◆ Task brief: The task calls for the lines below from the line with "Skulle strömmen överstiga" to the line with "AB-läikelise* lillekobara ja", both ends included, copied exactly, without any pictures.
START Materials provided
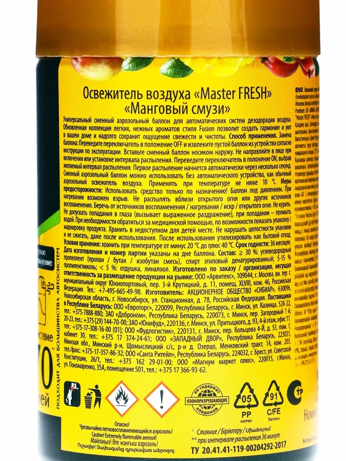 Освежитель воздуха Master FRESH GOLD Сменный баллон Манго Смузи безопасен для здоровья и не вызывает аллергических реакций. Он подходит для использования в любых помещениях, включая спальни, гостиные, кухни и ванные комнаты.
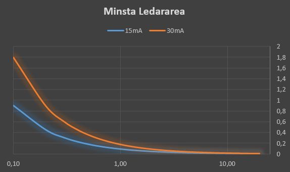 Skulle strömmen överstiga 5A så krävs en klenare ledare. Orimligheten ökar alltså i takt med att belastningsströmmen för huset ökar. Kurvan skulle se ut som bilden nedan. Jag har även tagit med kurvan för 15mA eftersom jordfelsbrytaren enligt standard får lov att lösa vid 50% av dess märkström.
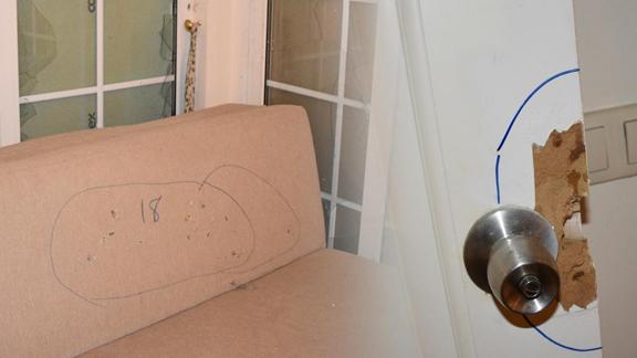 Suikast timinin saldırısı sırasında çatışmanın yaşandığı otel odasında darbecilere karşı koyan bir koruma polisine ait kelepçe, kan izleri bulunan yatağın üzerinde dururken bir kanepenin üzerinde 18 kurşun izi dikkatleri çekiyor.
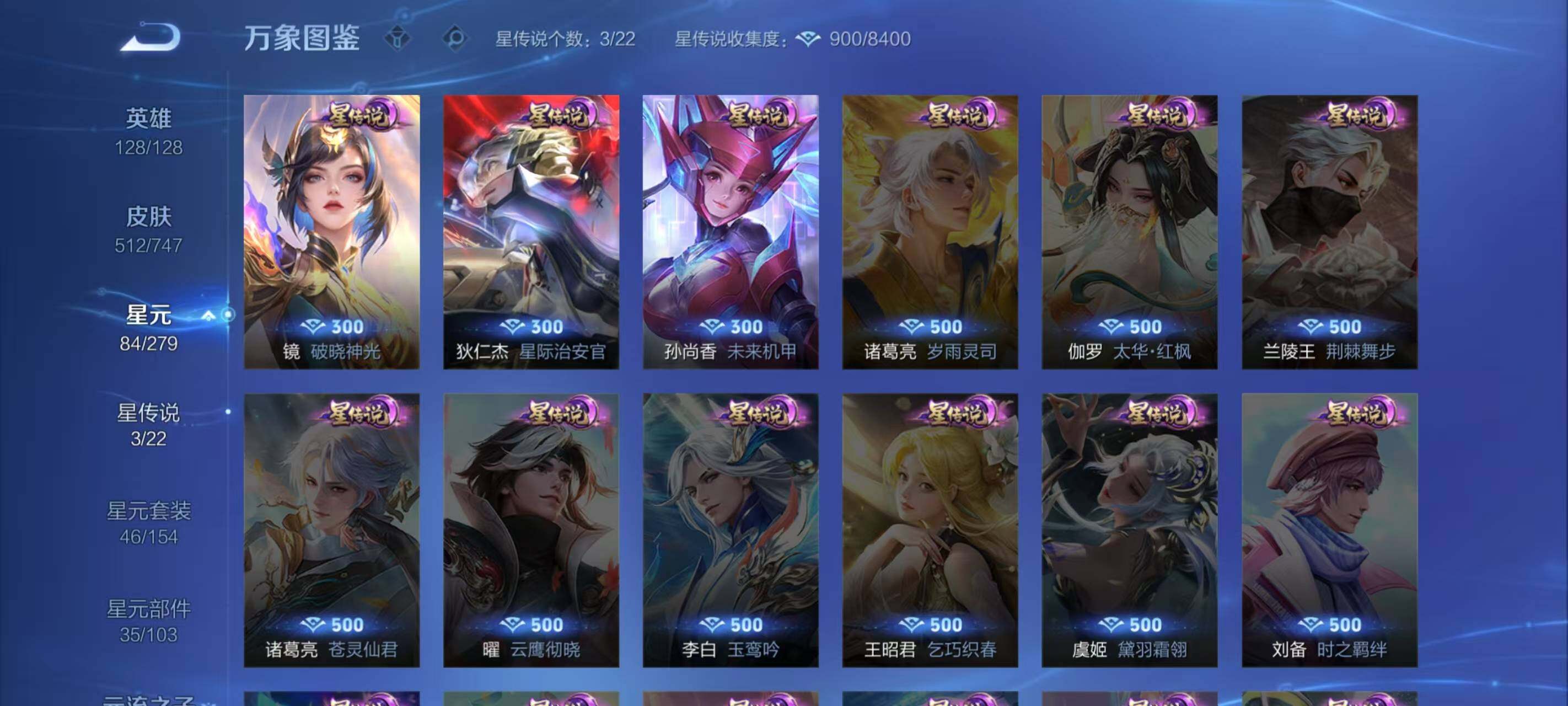 小乔青蛇,大乔白蛇,瑶遇见神鹿,娜可露露晚萤,伽罗箭羽风息,李元芳逐浪之夏,不知火舞魅语,公孙离无限星赏官,大乔猫狗日记,孙策猫狗日记,阿轲节奏热浪,露娜紫霞仙子,诸葛亮黄金分割率,王昭君偶像歌手,韩信白龙吟,项羽苍穹之光,孙尚香时之恋人,阿轲暗夜猫娘,雅典娜冰冠公主,吕布末日机甲,鲁班七号电玩小子,蒙犽龙鼓争鸣,橘右京修罗,墨子龙骑士,嬴政摇滚巨星,刘禅绅士熊喵,刘禅天才门将,白起星夜王子,安琪拉心灵骇客,安琪拉时之奇旅,程咬金功夫厨神,刘邦德古拉伯爵,兰陵王暗隐猎兽者,曹操幽灵船长,宫本武藏鬼剑武藏,司马懿暗渊魔法,亚瑟心灵战警,钟馗乐园奇幻夜,杨戬天秀·启明,蔡文姬舞动绿茵,廉颇地狱岩魂,西施诗语江南,小乔缤纷独角兽,夏侯惇乘风破浪,花木兰水晶猎龙者,铠曙光守护者,百里玄策热力回旋,墨子金属风暴,百里玄策原初追逐者,吕布圣诞狂欢,貂蝉圣诞恋歌,百里守约特工魅影,嬴政暗夜贵公子,嫦娥拒霜思,雅典娜黎明之约,李白千年之狐,哪吒雪上飞焰,夏洛特永昼,澜赏金猎手,艾琳奇遇舞章,貂蝉唤灵魅影,高渐离天秀·音浪,张良千筹问战,庄周天秀·幻梦,弈星滕王阁序,阿古朵顽趣,镜玫瑰异探,杨玉环银翎春语,沈梦溪匿光破解者,蔡文姬电玩·兔顽号,刘禅电玩·爆裂旋风,镜真我赫兹,百里守约真我赫兹,赵怀真鹤归松栖,莱西奥末日机甲,李元芳匿光侦查者,姜子牙闲日渔趣,蒙犽百解令,周瑜雪夜绮愿,高渐离燃音魔法,伽罗琥珀纪元,李白谪仙醉月,白起苍鳞隐世,赵怀真器灵·浮梦炉,苍狼魂孤将
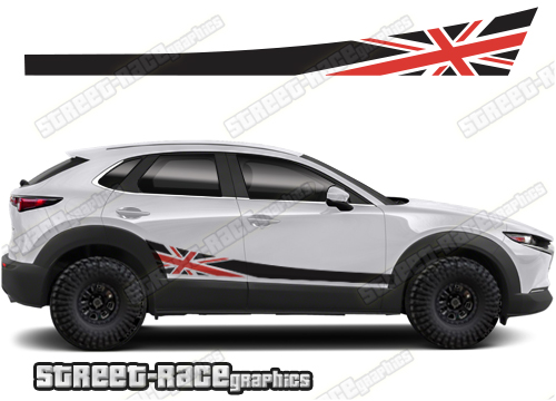 Mazda CX-30 racing stripes. They are shown on the second generation CX-30 but they can be trimmed to fit all later versions and facelift variants. The decals are not pre-cut for any specific Mazda CX-30 version; they do not have any door handle cutouts, wheel arch or door line splits. These will require trimming during fitting. Vinyl will not stick to unpainted textured plastics.
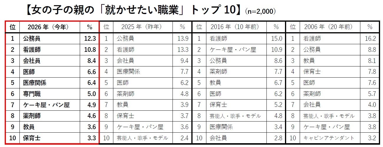 子どもの将来の安定を願う気持ちは毎年変わらず、今年も「公務員」が1位となりました。「会社員」は昨年よりポイントを落としたものの2位に定着。子どもの人気に連動して、「消防・レスキュー隊」は過去最高タイの4位となりました。一方、「医師」は5位、割合も5.9%と過去最少になりました。
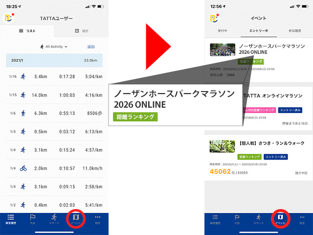 TATTAアプリ内[イベント]をタップし、「ノーザンホースパークマラソン2026 ONLINE」が表示されているか確認してください。表示されていれば準備OK!(エントリー手続後、即日反映されます)
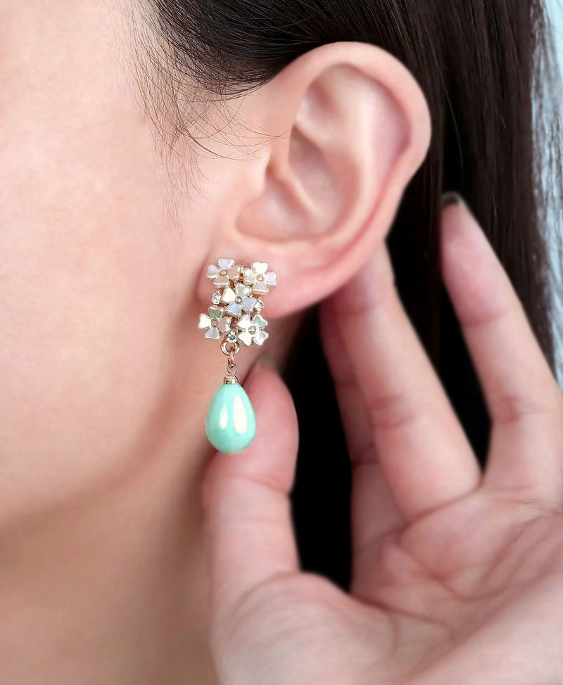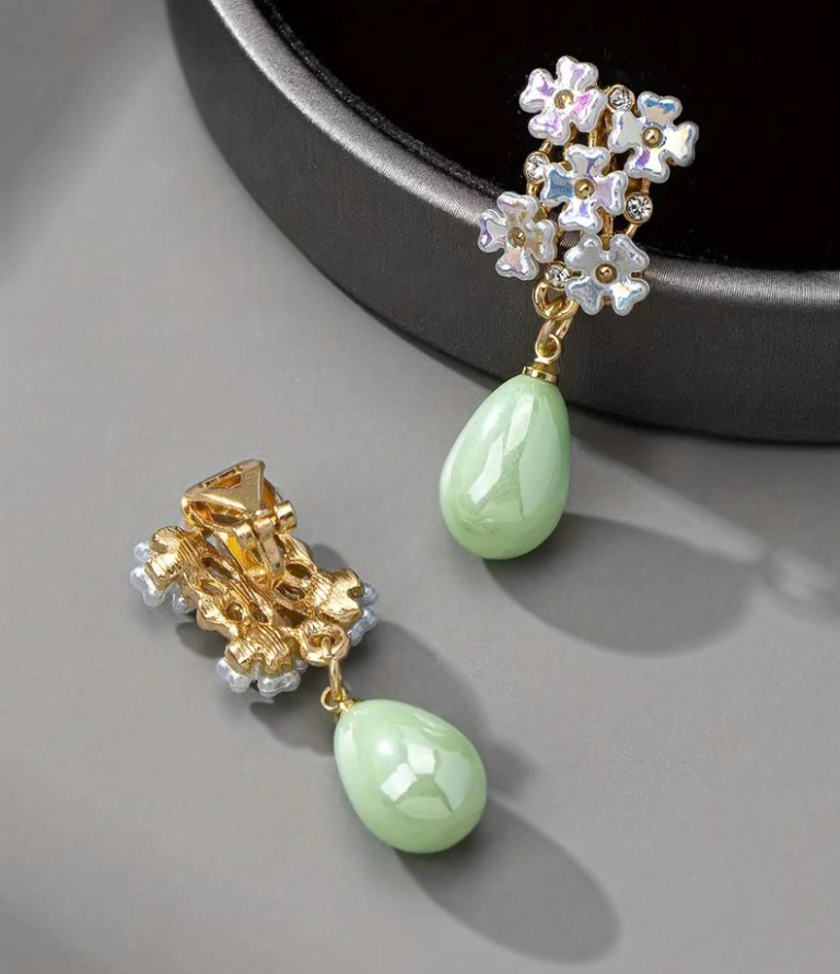 AB-läikelise* lillekobara ja kaunilt helkleva helerohelise tilgakujulise akrüülpärlist ripatsiga kõrvarõngad väikese kullavärvi klõpsuga.
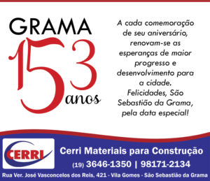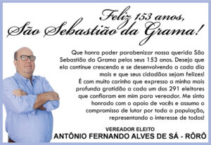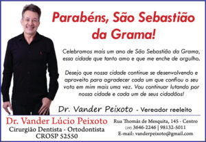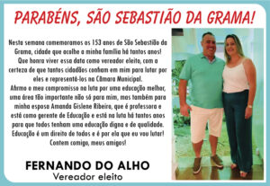 Aproveitando a reportagem do jornal, Zé da Doca parabenizou São Sebastião da Grama pelos seus 153 anos de fundação. “Agradeço a todos que confiaram em nosso trabalho, no meu e do meu vice Pio Leiteiro. Vamos corresponder a todos estes votos que recebemos, trabalhando dia a dia para o nosso município. Eu amo São Sebastião da Grama”, finalizou.
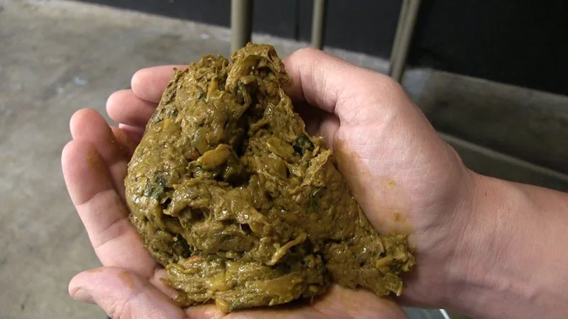 大量に排泄される糞尿が顔面に密着する巨尻の深い亀裂からあふれ出る
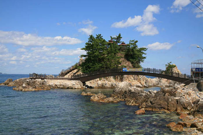 수로부인헌화공원소개성덕왕 때에 순정공(純貞公)이 강릉태수(江陵太守)로 가는 도중 바닷가에서 점심을 먹고 있었다. 그 옆에 병풍같은 바위벽이 있어 바다에 맞닿았는데 높이가 천 길이나 되었고, 그 위에는 철쭉꽃이 한창 피어 있었다. 공의 부인 수로가 그것을 보고 옆 사람들에게 "저 꽃을 꺾어다 바칠 자 그 누구뇨?" 하니 모시는 사람들이 모두 "사람이 발 붙일 곳이 못 됩니다." 하고 사양하였다. 그 곁에 늙은 노인이 암소를 끌고 지나다가 부인의 말을 듣고 꽃을 꺾어 노래를 지어 바쳤으나 그가 어떤 사람인지 알지 못했다. 자료출처 : 삼척문화관광(samcheok.go.kr/tour) 펜션에서 약 4.66km 자동차로 약 9분
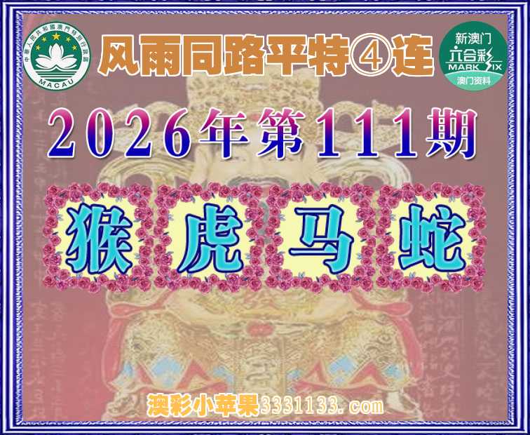 111期:『风雨同路』 平特④连【猴虎马蛇】开:猴23,虎41,马01,蛇38准上榜高手
END Materials provided
◆ Problem solution:
 Skulle strömmen överstiga 5A så krävs en klenare ledare. Orimligheten ökar alltså i takt med att belastningsströmmen för huset ökar. Kurvan skulle se ut som bilden nedan. Jag har även tagit med kurvan för 15mA eftersom jordfelsbrytaren enligt standard får lov att lösa vid 50% av dess märkström.
 Suikast timinin saldırısı sırasında çatışmanın yaşandığı otel odasında darbecilere karşı koyan bir koruma polisine ait kelepçe, kan izleri bulunan yatağın üzerinde dururken bir kanepenin üzerinde 18 kurşun izi dikkatleri çekiyor.
 小乔青蛇,大乔白蛇,瑶遇见神鹿,娜可露露晚萤,伽罗箭羽风息,李元芳逐浪之夏,不知火舞魅语,公孙离无限星赏官,大乔猫狗日记,孙策猫狗日记,阿轲节奏热浪,露娜紫霞仙子,诸葛亮黄金分割率,王昭君偶像歌手,韩信白龙吟,项羽苍穹之光,孙尚香时之恋人,阿轲暗夜猫娘,雅典娜冰冠公主,吕布末日机甲,鲁班七号电玩小子,蒙犽龙鼓争鸣,橘右京修罗,墨子龙骑士,嬴政摇滚巨星,刘禅绅士熊喵,刘禅天才门将,白起星夜王子,安琪拉心灵骇客,安琪拉时之奇旅,程咬金功夫厨神,刘邦德古拉伯爵,兰陵王暗隐猎兽者,曹操幽灵船长,宫本武藏鬼剑武藏,司马懿暗渊魔法,亚瑟心灵战警,钟馗乐园奇幻夜,杨戬天秀·启明,蔡文姬舞动绿茵,廉颇地狱岩魂,西施诗语江南,小乔缤纷独角兽,夏侯惇乘风破浪,花木兰水晶猎龙者,铠曙光守护者,百里玄策热力回旋,墨子金属风暴,百里玄策原初追逐者,吕布圣诞狂欢,貂蝉圣诞恋歌,百里守约特工魅影,嬴政暗夜贵公子,嫦娥拒霜思,雅典娜黎明之约,李白千年之狐,哪吒雪上飞焰,夏洛特永昼,澜赏金猎手,艾琳奇遇舞章,貂蝉唤灵魅影,高渐离天秀·音浪,张良千筹问战,庄周天秀·幻梦,弈星滕王阁序,阿古朵顽趣,镜玫瑰异探,杨玉环银翎春语,沈梦溪匿光破解者,蔡文姬电玩·兔顽号,刘禅电玩·爆裂旋风,镜真我赫兹,百里守约真我赫兹,赵怀真鹤归松栖,莱西奥末日机甲,李元芳匿光侦查者,姜子牙闲日渔趣,蒙犽百解令,周瑜雪夜绮愿,高渐离燃音魔法,伽罗琥珀纪元,李白谪仙醉月,白起苍鳞隐世,赵怀真器灵·浮梦炉,苍狼魂孤将
 Mazda CX-30 racing stripes. They are shown on the second generation CX-30 but they can be trimmed to fit all later versions and facelift variants. The decals are not pre-cut for any specific Mazda CX-30 version; they do not have any door handle cutouts, wheel arch or door line splits. These will require trimming during fitting. Vinyl will not stick to unpainted textured plastics.
 子どもの将来の安定を願う気持ちは毎年変わらず、今年も「公務員」が1位となりました。「会社員」は昨年よりポイントを落としたものの2位に定着。子どもの人気に連動して、「消防・レスキュー隊」は過去最高タイの4位となりました。一方、「医師」は5位、割合も5.9%と過去最少になりました。
 TATTAアプリ内[イベント]をタップし、「ノーザンホースパークマラソン2026 ONLINE」が表示されているか確認してください。表示されていれば準備OK!(エントリー手続後、即日反映されます)
 AB-läikelise* lillekobara ja kaunilt helkleva helerohelise tilgakujulise akrüülpärlist ripatsiga kõrvarõngad väikese kullavärvi klõpsuga.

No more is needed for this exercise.